WHAT TO DO :: Write out every line of the data below exactly as given.

SOURCE RECORDS ::
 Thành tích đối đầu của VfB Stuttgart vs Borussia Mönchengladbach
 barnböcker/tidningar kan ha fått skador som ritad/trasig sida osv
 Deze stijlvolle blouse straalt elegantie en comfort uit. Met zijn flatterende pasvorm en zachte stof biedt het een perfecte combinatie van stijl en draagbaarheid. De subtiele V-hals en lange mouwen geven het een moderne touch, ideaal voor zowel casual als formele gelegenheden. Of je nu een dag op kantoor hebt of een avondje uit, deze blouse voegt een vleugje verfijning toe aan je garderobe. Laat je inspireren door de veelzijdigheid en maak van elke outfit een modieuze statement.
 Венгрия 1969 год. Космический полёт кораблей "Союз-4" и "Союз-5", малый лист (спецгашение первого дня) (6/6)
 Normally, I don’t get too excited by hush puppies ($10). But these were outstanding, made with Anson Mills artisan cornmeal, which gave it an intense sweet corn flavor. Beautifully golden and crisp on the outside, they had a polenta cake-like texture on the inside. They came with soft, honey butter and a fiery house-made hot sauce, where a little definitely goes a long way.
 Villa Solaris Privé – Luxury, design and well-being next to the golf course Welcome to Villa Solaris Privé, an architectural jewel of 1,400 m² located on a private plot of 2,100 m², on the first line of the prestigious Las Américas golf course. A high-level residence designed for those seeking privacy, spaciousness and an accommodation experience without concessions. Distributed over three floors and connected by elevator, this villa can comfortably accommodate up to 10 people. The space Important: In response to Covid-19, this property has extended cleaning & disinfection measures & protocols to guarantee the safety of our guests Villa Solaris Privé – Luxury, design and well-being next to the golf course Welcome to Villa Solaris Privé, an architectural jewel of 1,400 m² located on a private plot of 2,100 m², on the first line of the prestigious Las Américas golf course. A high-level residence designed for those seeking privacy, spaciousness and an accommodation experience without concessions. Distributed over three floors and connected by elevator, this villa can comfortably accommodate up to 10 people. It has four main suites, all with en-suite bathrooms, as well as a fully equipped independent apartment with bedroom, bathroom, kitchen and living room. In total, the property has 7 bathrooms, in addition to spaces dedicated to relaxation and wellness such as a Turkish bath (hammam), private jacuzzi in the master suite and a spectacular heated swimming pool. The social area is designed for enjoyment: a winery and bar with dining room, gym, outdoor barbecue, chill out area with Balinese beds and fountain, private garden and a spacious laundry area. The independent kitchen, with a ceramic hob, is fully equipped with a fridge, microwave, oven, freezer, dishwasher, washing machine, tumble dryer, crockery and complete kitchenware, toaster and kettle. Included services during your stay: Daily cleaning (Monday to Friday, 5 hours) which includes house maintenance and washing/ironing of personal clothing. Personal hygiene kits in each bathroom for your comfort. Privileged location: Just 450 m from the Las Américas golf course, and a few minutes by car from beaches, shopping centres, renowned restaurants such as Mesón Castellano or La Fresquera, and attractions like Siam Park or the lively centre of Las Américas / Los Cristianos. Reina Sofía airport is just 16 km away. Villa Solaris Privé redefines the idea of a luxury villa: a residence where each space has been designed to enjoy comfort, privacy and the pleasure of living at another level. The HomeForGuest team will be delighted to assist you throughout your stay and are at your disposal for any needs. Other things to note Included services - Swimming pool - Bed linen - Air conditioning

SOLUTION TO THIS TASK ::
 Thành tích đối đầu của VfB Stuttgart vs Borussia Mönchengladbach
 barnböcker/tidningar kan ha fått skador som ritad/trasig sida osv
 Deze stijlvolle blouse straalt elegantie en comfort uit. Met zijn flatterende pasvorm en zachte stof biedt het een perfecte combinatie van stijl en draagbaarheid. De subtiele V-hals en lange mouwen geven het een moderne touch, ideaal voor zowel casual als formele gelegenheden. Of je nu een dag op kantoor hebt of een avondje uit, deze blouse voegt een vleugje verfijning toe aan je garderobe. Laat je inspireren door de veelzijdigheid en maak van elke outfit een modieuze statement.
 Венгрия 1969 год. Космический полёт кораблей "Союз-4" и "Союз-5", малый лист (спецгашение первого дня) (6/6)
 Normally, I don’t get too excited by hush puppies ($10). But these were outstanding, made with Anson Mills artisan cornmeal, which gave it an intense sweet corn flavor. Beautifully golden and crisp on the outside, they had a polenta cake-like texture on the inside. They came with soft, honey butter and a fiery house-made hot sauce, where a little definitely goes a long way.
 Villa Solaris Privé – Luxury, design and well-being next to the golf course Welcome to Villa Solaris Privé, an architectural jewel of 1,400 m² located on a private plot of 2,100 m², on the first line of the prestigious Las Américas golf course. A high-level residence designed for those seeking privacy, spaciousness and an accommodation experience without concessions. Distributed over three floors and connected by elevator, this villa can comfortably accommodate up to 10 people. The space Important: In response to Covid-19, this property has extended cleaning & disinfection measures & protocols to guarantee the safety of our guests Villa Solaris Privé – Luxury, design and well-being next to the golf course Welcome to Villa Solaris Privé, an architectural jewel of 1,400 m² located on a private plot of 2,100 m², on the first line of the prestigious Las Américas golf course. A high-level residence designed for those seeking privacy, spaciousness and an accommodation experience without concessions. Distributed over three floors and connected by elevator, this villa can comfortably accommodate up to 10 people. It has four main suites, all with en-suite bathrooms, as well as a fully equipped independent apartment with bedroom, bathroom, kitchen and living room. In total, the property has 7 bathrooms, in addition to spaces dedicated to relaxation and wellness such as a Turkish bath (hammam), private jacuzzi in the master suite and a spectacular heated swimming pool. The social area is designed for enjoyment: a winery and bar with dining room, gym, outdoor barbecue, chill out area with Balinese beds and fountain, private garden and a spacious laundry area. The independent kitchen, with a ceramic hob, is fully equipped with a fridge, microwave, oven, freezer, dishwasher, washing machine, tumble dryer, crockery and complete kitchenware, toaster and kettle. Included services during your stay: Daily cleaning (Monday to Friday, 5 hours) which includes house maintenance and washing/ironing of personal clothing. Personal hygiene kits in each bathroom for your comfort. Privileged location: Just 450 m from the Las Américas golf course, and a few minutes by car from beaches, shopping centres, renowned restaurants such as Mesón Castellano or La Fresquera, and attractions like Siam Park or the lively centre of Las Américas / Los Cristianos. Reina Sofía airport is just 16 km away. Villa Solaris Privé redefines the idea of a luxury villa: a residence where each space has been designed to enjoy comfort, privacy and the pleasure of living at another level. The HomeForGuest team will be delighted to assist you throughout your stay and are at your disposal for any needs. Other things to note Included services - Swimming pool - Bed linen - Air conditioning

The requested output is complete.